大きな数について現実的な時間内で素因数分解を行うことは非常に困難である。もしこれが簡単に行えるならば、公開鍵暗号方式である RSA 暗号方式は崩壊する。よって、factor コマンドで
% factor 114381625757888867669235779976146612010218296721242362562561842935706935245733897830597123563958705058989075147599290026879543541
の答えがいつまで経っても返ってこなくても悲観してはいけない (ちなみにこれは RSA-129 の問題である)。

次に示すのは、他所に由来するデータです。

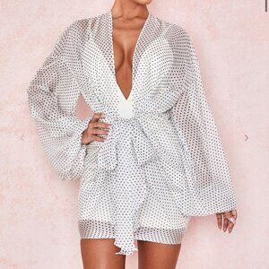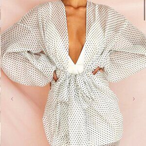 House of CB Nezrin Polka Dot Blouson Sleeve Wrap Dress (chiffon piece only)
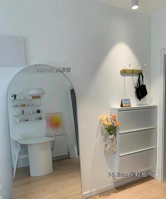 鞋柜旁边放置了一面80cmX180cm拱形全长镜,很有设计感,也是
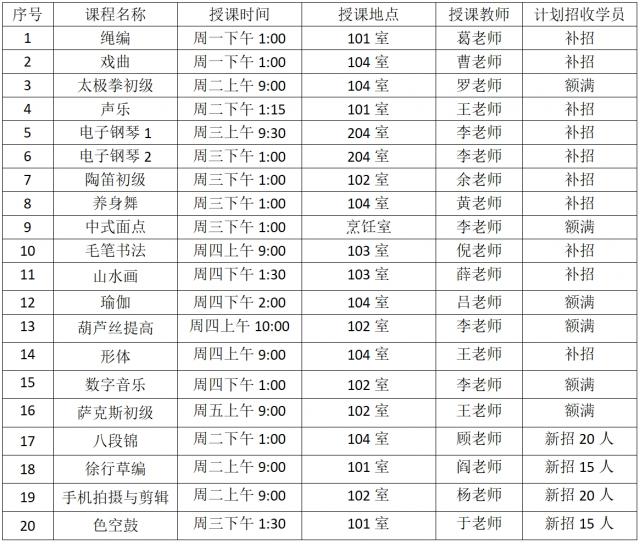 徐行镇社区(老年)学校春季班开始招生

factor コマンドは少なくとも 1990年頃の 4.3BSD の頃には存在しており、結構歴史のあるコマンドである。*BSD 系はもちろん、AIX・Solaris 等の各種 UNIX でも使用できるようだ。Linux では GNU coreutils に含まれているため、事実上すべての Linux 系 OS で利用可能であろう。

古いバージョンのマニュアルには「factor が素因数分解できる最大値は 2147483647」などの記述があるが、2018年に FreeBSD・Linux で確認した限りでは多倍長整数ライブラリを使っているので、事実上桁数制限は存在しない。ちなみに FreeBSD の factor コマンド は OpenSSL の多倍長整数ライブラリを使っている。GNU Coreutils の factor コマンドは GNU の多倍長整数演算ライブラリである "GNU MP" を使っている。